21. 10th Ave Freezeout
22. Rosalita (sign)
23. Born to Run
24. American Land

Friday, March 21, 2008

"Here he comes.......Here he come.......Here he comes......"

"DANNY'S BACK IN TOWN.....HERE HE COMES NOW....DANNY'S BACK IN......ALLLLLLRIGHT!!!!"

March 20 / Indianapolis, IN / Conseco Fieldhouse

Notes: Before opening with "Night," Bruce Springsteen introduced "the biggest little bar band in the world!" And tonight, they got bigger by one. Not Patti Scialfa back from tending the home fires, not yet... but the long-awaited return of Danny Federici. The first half of the show had its highlights: Bruce saying "Let me see that sign!" and using it to call "Prove It All Night" as an audible, the tour debut of "Rendezvous" as another request-by-sign.

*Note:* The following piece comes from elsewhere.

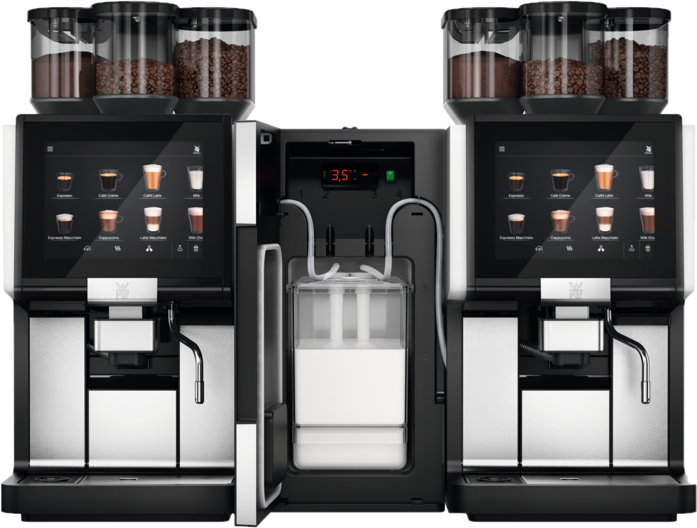 The WMF 1500S+ offers three milk systems: Basic Milk for hot milk/foam, Easy Milk for hot/cold milk or foam, and Dynamic Milk for diverse consistencies of hot/cold milk foam and milk.

But when Danny emerged for "The Promised Land," it was a game-changing moment.

"We've got a special treat tonight," Springsteen told the crowd after "Livin' in the Future," "Danny Federici is with us!" Coming out for his first performance with the band since Boston in November, Danny gave Charlie Giordano a hug before reclaiming his old spot on the organ riser (Giordano subtly disappeared). Conferring with Danny after "The Promised Land," Bruce then stepped to the mic and said, "He's gonna make me go old school on you!" as Danny ripped into "Spirit in the Night." By this point, they were flying. And finally -- "We can't let him leave without doing this one!" -- it was "Fourth of July, Asbury Park (Sandy)," with Danny strapping on the accordion. In a seamless transition, Charlie came back in on "Devil's Arcade," taking over for the five-pack. But in the encore, Danny was back again for the rest of the show. "We're all gonna do this one and dedicate this one to Dan," Bruce said, as they began the encore with "Backstreets." That went into a phenomenal "Kitty's Back," of course another great chance for the Phantom to shine.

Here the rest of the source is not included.